[Start of Attachment]
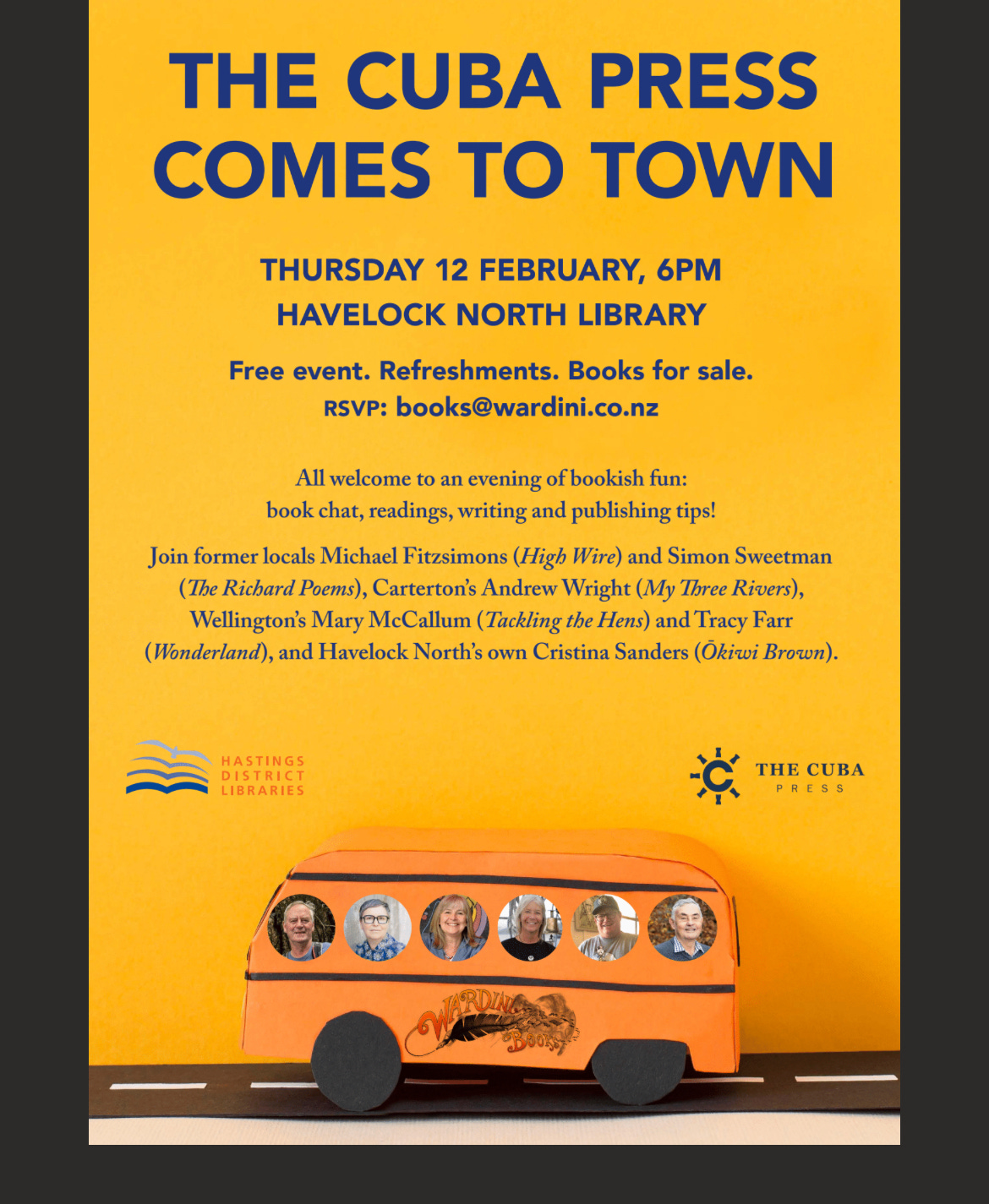 Get On The Bus! Wellington Writers Visit Havelock North: Thursday, Feb 12, 2026, 6pm — The Cuba Press Comes To Town
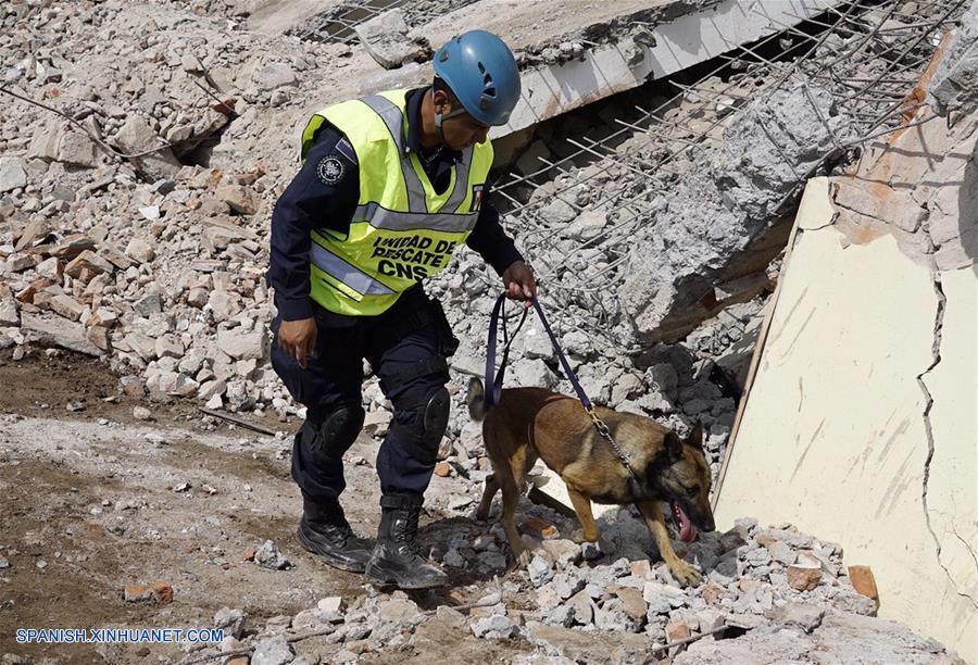 OAXACA, septiembre 8, 2017 (Xinhua) -- Un miembro de la Policía Federal trabaja con un perro rastreador en el sitio de un derrumbe provocado por un sismo en Juchitán, estado de Oaxaca, México, el 8 de septiembre de 2017. (Xinhua/David de la Paz)
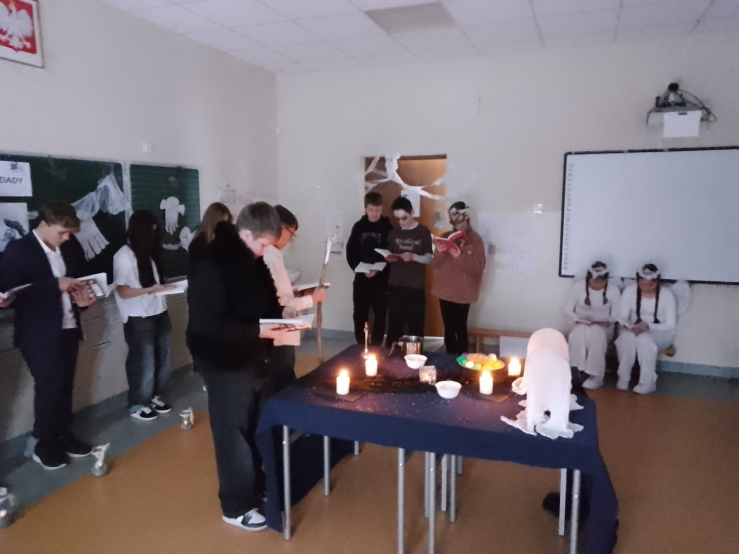 W dniu 24 listopada siódmoklasiści zaprosili uczniów klasy szóstej i ósmej na inscenizację „Dziadów” cz. II Adama Mickiewicza. Przedstawienie zostało przygotowane jako forma przybliżenia im treści lektury oraz tradycji obrzędów ludowych.
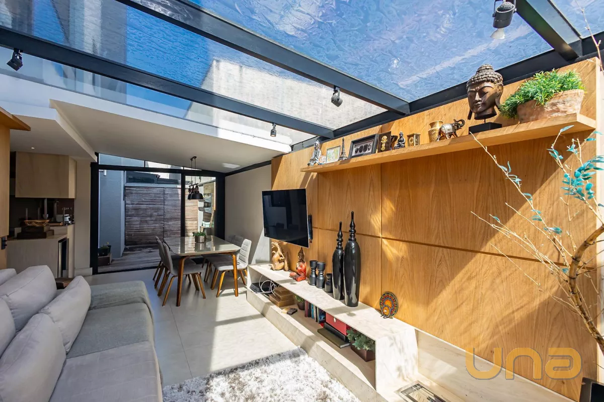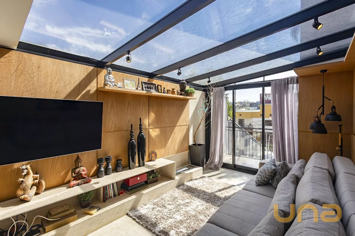 - Sala de estar com móveis em lâmina de madeira com teto retrátil
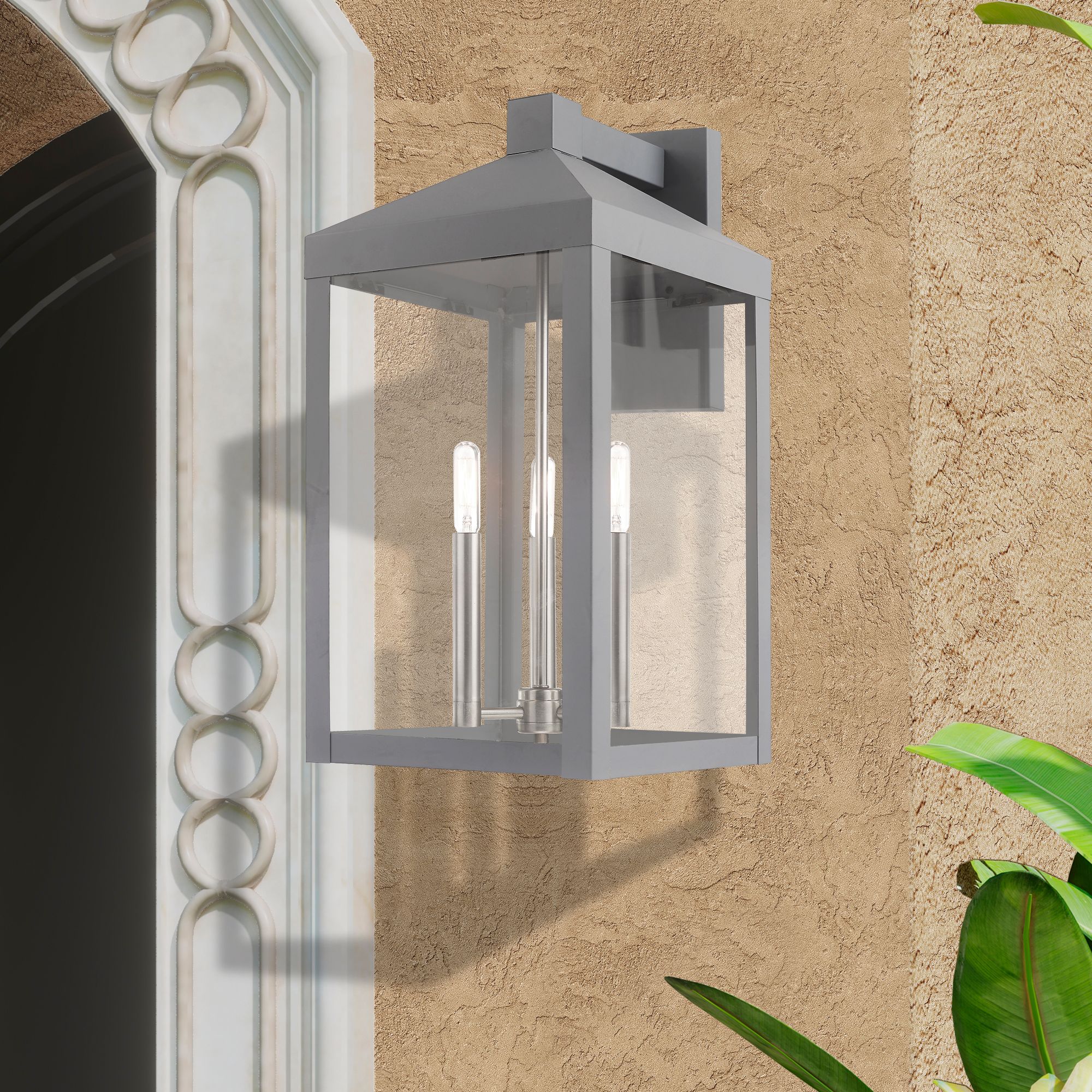 - 3 Light Nordic Gray Outdoor Wall Lantern is produced by Livex Lighting, Inc..
[End of Attachment]
Your goal: Everything in the data above, apart from the pictures, should be retyped exactly.

Solution for this task:
 Get On The Bus! Wellington Writers Visit Havelock North: Thursday, Feb 12, 2026, 6pm — The Cuba Press Comes To Town
 OAXACA, septiembre 8, 2017 (Xinhua) -- Un miembro de la Policía Federal trabaja con un perro rastreador en el sitio de un derrumbe provocado por un sismo en Juchitán, estado de Oaxaca, México, el 8 de septiembre de 2017. (Xinhua/David de la Paz)
 W dniu 24 listopada siódmoklasiści zaprosili uczniów klasy szóstej i ósmej na inscenizację „Dziadów” cz. II Adama Mickiewicza. Przedstawienie zostało przygotowane jako forma przybliżenia im treści lektury oraz tradycji obrzędów ludowych.
 - Sala de estar com móveis em lâmina de madeira com teto retrátil
 - 3 Light Nordic Gray Outdoor Wall Lantern is produced by Livex Lighting, Inc..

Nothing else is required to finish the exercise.